Neben dem neuen Steuerabkommen führen laut Modenini zwei weitere Faktoren zu einer veränderten Haltung in der Arbeitssuche der Grenzgänger: Erstens trage die negative demografische Entwicklung dazu bei, dass Italiener eher in ihrem Heimatland Arbeit suchten. Zweitens habe die jüngere Generation eine andere Einstellung zu Arbeit und bewerbe sich vorwiegend auf Teilzeitstellen.
Nach dem neuen Abkommen behält die Schweiz 80 Prozent der Quellensteuern, die auf das Einkommen von italienischen Grenzgängern erhoben werden. Die neuen Grenzgänger werden auch im Wohnsitzstaat ordentlich besteuert, und dieser soll eine Doppelbesteuerung beseitigen.

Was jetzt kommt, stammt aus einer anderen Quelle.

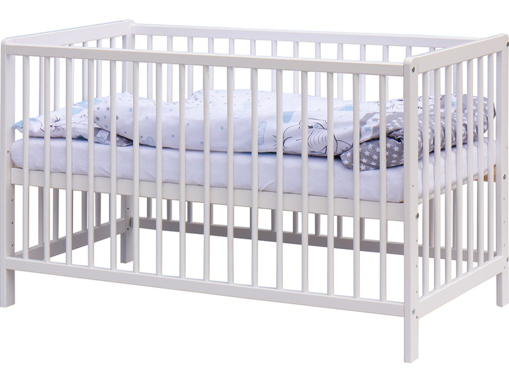 1. Dětská dřevěná postýlka 120x60 cm - bílá, masiv borovice, 3 vyndavací příčky, 5 poloh roštu
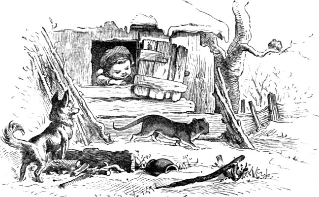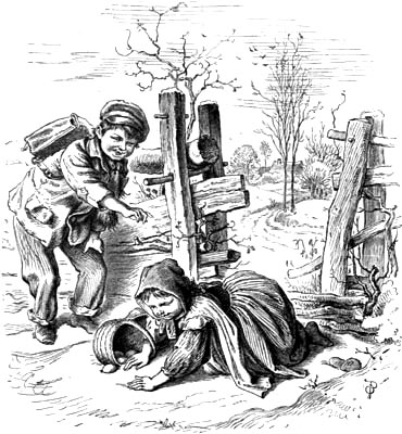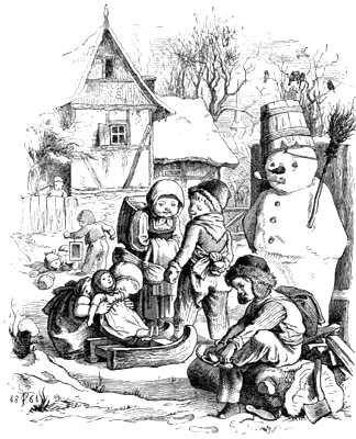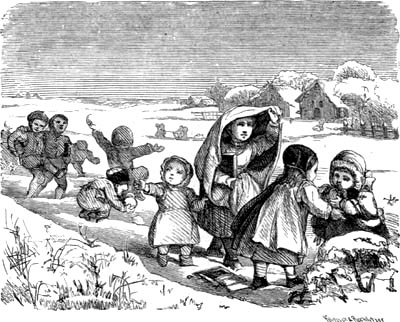 It is very cold, and the fields are all covered with snow. The children are on their way to school, but they have laid their books down for a few minutes. The boys are in high glee, for they cannot make snow-balls every day, and there is plenty of snow on the ground just now. I dare say they will be sorry when the snow melts.
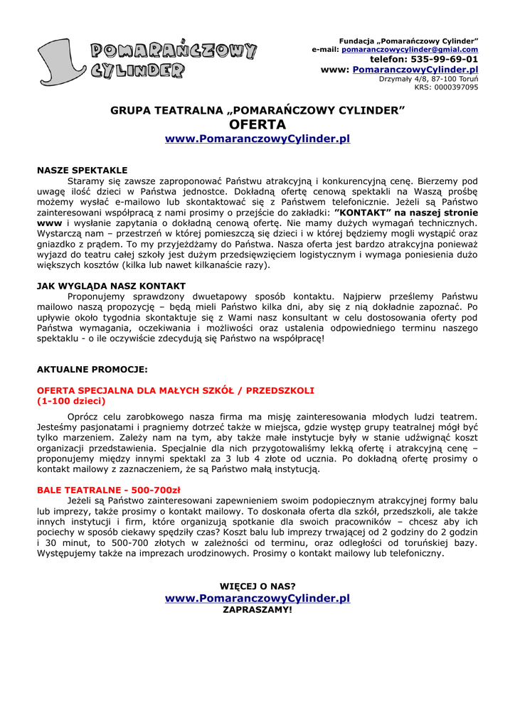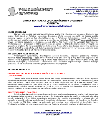 Fundacja „Pomarańczowy Cylinder” e-mail: [email protected] telefon: 535-99-69-01 www: PomaranczowyCylinder.pl Drzymały 4/8, 87-100 Toruń KRS: 0000397095 GRUPA TEATRALNA „POMARAŃCZOWY CYLINDER” OFERTA www.PomaranczowyCylinder.pl NASZE SPEKTAKLE Staramy się zawsze zaproponować Państwu atrakcyjną i konkurencyjną cenę. Bierzemy pod uwagę ilość dzieci w Państwa jednostce. Dokładną ofertę cenową spektakli na Waszą prośbę możemy wysłać e-mailowo lub skontaktować się z Państwem telefonicznie. Jeżeli są Państwo zainteresowani współpracą z nami prosimy o przejście do zakładki: ”KONTAKT” na naszej stronie www i wysłanie zapytania o dokładną cenową ofertę. Nie mamy dużych wymagań technicznych. Wystarczą nam – przestrzeń w której pomieszczą się dzieci i w której będziemy mogli wystąpić oraz gniazdko z prądem. To my przyjeżdżamy do Państwa. Nasza oferta jest bardzo atrakcyjna ponieważ wyjazd do teatru całej szkoły jest dużym przedsięwzięciem logistycznym i wymaga poniesienia dużo większych kosztów (kilka lub nawet kilkanaście razy). JAK WYGLĄDA NASZ KONTAKT Proponujemy sprawdzony dwuetapowy sposób kontaktu. Najpierw prześlemy Państwu mailowo naszą propozycję – będą mieli Państwo kilka dni, aby się z nią dokładnie zapoznać. Po upływie około tygodnia skontaktuje się z Wami nasz konsultant w celu dostosowania oferty pod Państwa wymagania, oczekiwania i możliwości oraz ustalenia odpowiedniego terminu naszego spektaklu - o ile oczywiście zdecydują się Państwo na współpracę! AKTUALNE PROMOCJE: OFERTA SPECJALNA DLA MAŁYCH SZKÓŁ / PRZEDSZKOLI (1-100 dzieci) Oprócz celu zarobkowego nasza firma ma misję zainteresowania młodych ludzi teatrem. Jesteśmy pasjonatami i pragniemy dotrzeć także w miejsca, gdzie występ grupy teatralnej mógł być tylko marzeniem. Zależy nam na tym, aby także małe instytucje były w stanie udźwignąć koszt organizacji przedstawienia. Specjalnie dla nich przygotowaliśmy lekką ofertę i atrakcyjną cenę – proponujemy między innymi spektakl za 3 lub 4 złote od ucznia. Po dokładną ofertę prosimy o kontakt mailowy z zaznaczeniem, że są Państwo małą instytucją. BALE TEATRALNE - 500-700zł Jeżeli są Państwo zainteresowani zapewnieniem swoim podopiecznym atrakcyjnej formy balu lub imprezy, także prosimy o kontakt mailowy. To doskonała oferta dla szkół, przedszkoli, ale także innych instytucji i firm, które organizują spotkanie dla swoich pracowników – chcesz aby ich pociechy w sposób ciekawy spędziły czas? Koszt balu lub imprezy trwającej od 2 godziny do 2 godzin i 30 minut, to 500-700 złotych w zależności od terminu, oraz odległości od toruńskiej bazy. Występujemy także na imprezach urodzinowych. Prosimy o kontakt mailowy lub telefoniczny. WIĘCEJ O NAS? www.PomaranczowyCylinder.pl ZAPRASZAMY!
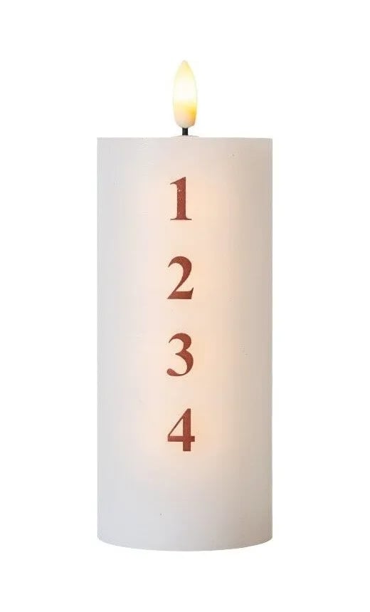 Eva Adventsljus 2025 Ø5cm, Vit med Dekor
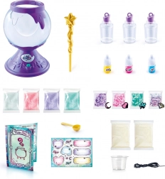 Lav op til 10 fortryllende slim-elisir i en magisk gryde med lys- og tågeeffekter. Følg opskrifterne og bland farveskiftende, selvlysende og boblende eliksirer. Hæld bare pulver i, tilsæt eliksir og dekorationer, rør rundt med den gyldne stav, og opbevar de færdige slimes i stilfulde flasker til halsen.
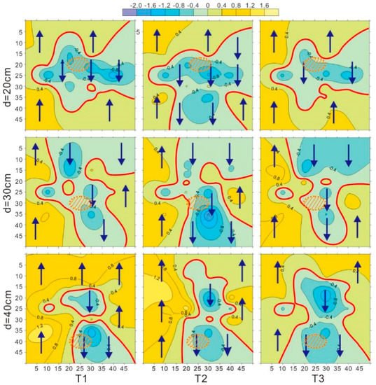 In this study, hyporheic flow was embodied by the pattern of flow field, which has difficulties on distinguishing the effect of clay lens. Hence, each VHF field at different test points with a clay lens was subtracted by the blank control for corresponding sites. The new VHF fields reflected the influence of the clay lens and surface water velocity more clearly (Figure 8). Two effects of enhancement and hindering were distributed in different area and the domain of each area was no significant difference. Focus on the hindering effect, the existence of a clay lens suppressed the hyporheic flow in the surrounding area of the lens. The shape of the suppressed area also changed with the depth of clay lens. For the three test points, the VHF field at T2 was different from those of T1 and T3 to some extent, especially at a depth of 20 cm. This was indirectly affected by the surface water velocity. Our experiments graphically demonstrated that the enhancement and hindering effects of clay lens on hyporheic flow was also coexist in natural river, however it still remained challenges to quantify the range and transformation of these two effects.
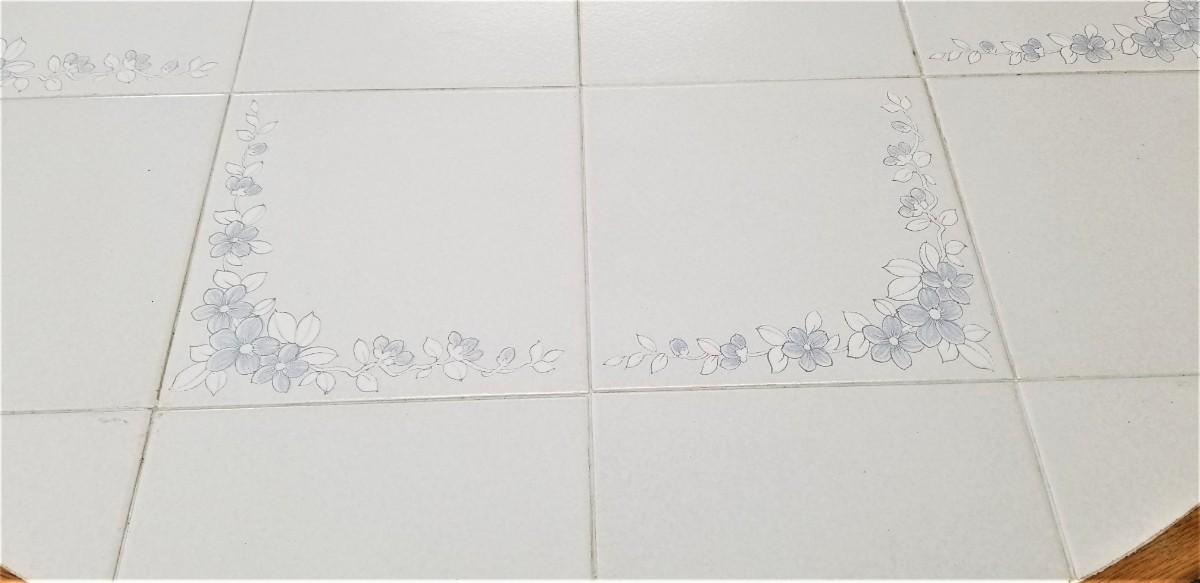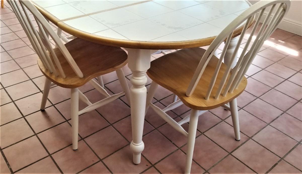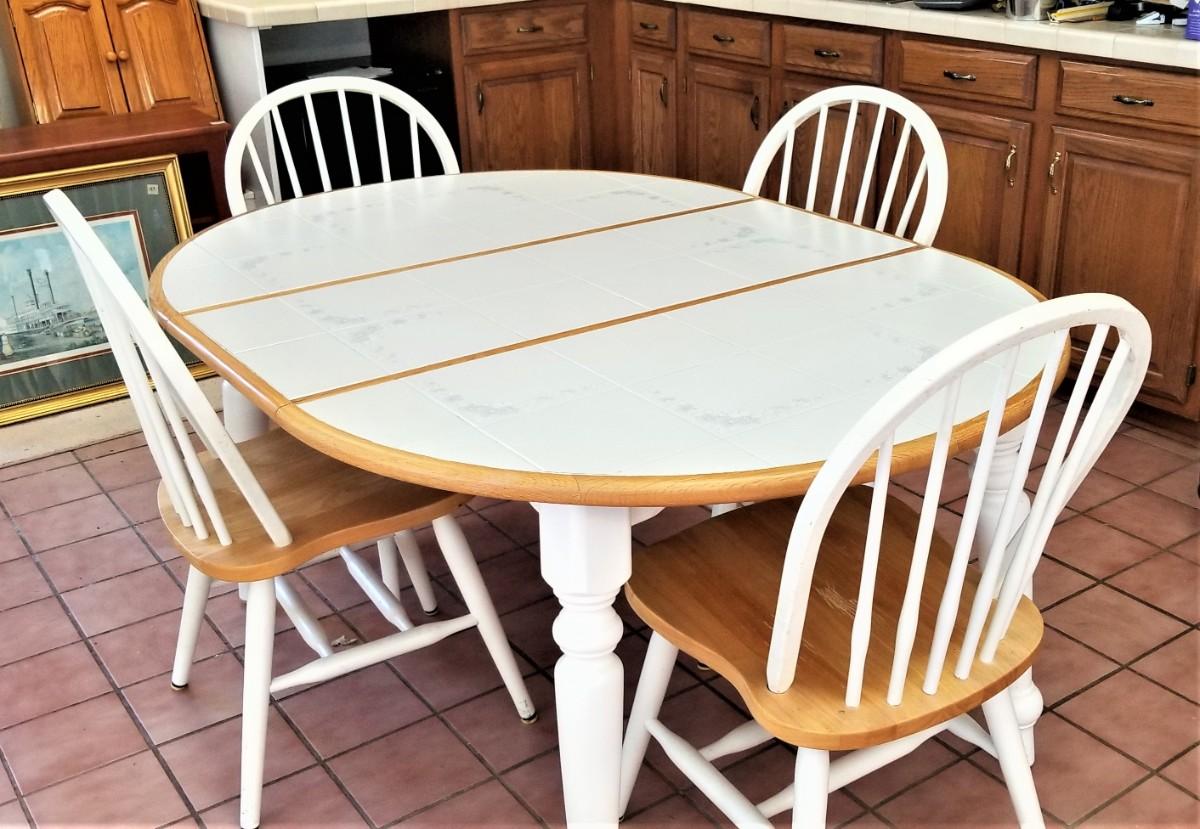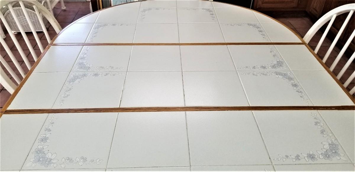 Ceramic tile-top table - delicate floral design. One leaf (16" wide). Then fully extended, table is 61" long, 44" across, 28" tall. Four matching chairs. No maker noted. Solid, sturdy, and in good condition.

Im alten, von 1974 stammenden Abkommen wurden Grenzgänger nur in der Schweiz besteuert, wobei Italien 38.8 Prozent der Quellensteuer zustanden. Für Personen, die zwischen Ende Dezember 2018 und dem Datum des Inkrafttretens des Textes in den Kantonen Tessin, Graubünden und Wallis gearbeitet haben, gilt eine Übergangsregelung.
Dem neuen Abkommen zufolge gelten als Grenzgänger Menschen, die in einem Umkreis von 20 Kilometern zur Grenze wohnen und grundsätzlich täglich an ihren Wohnort zurückkehren. Diese neue Definition gilt für alle Grenzarbeitnehmenden ab dem Inkrafttreten des Abkommens.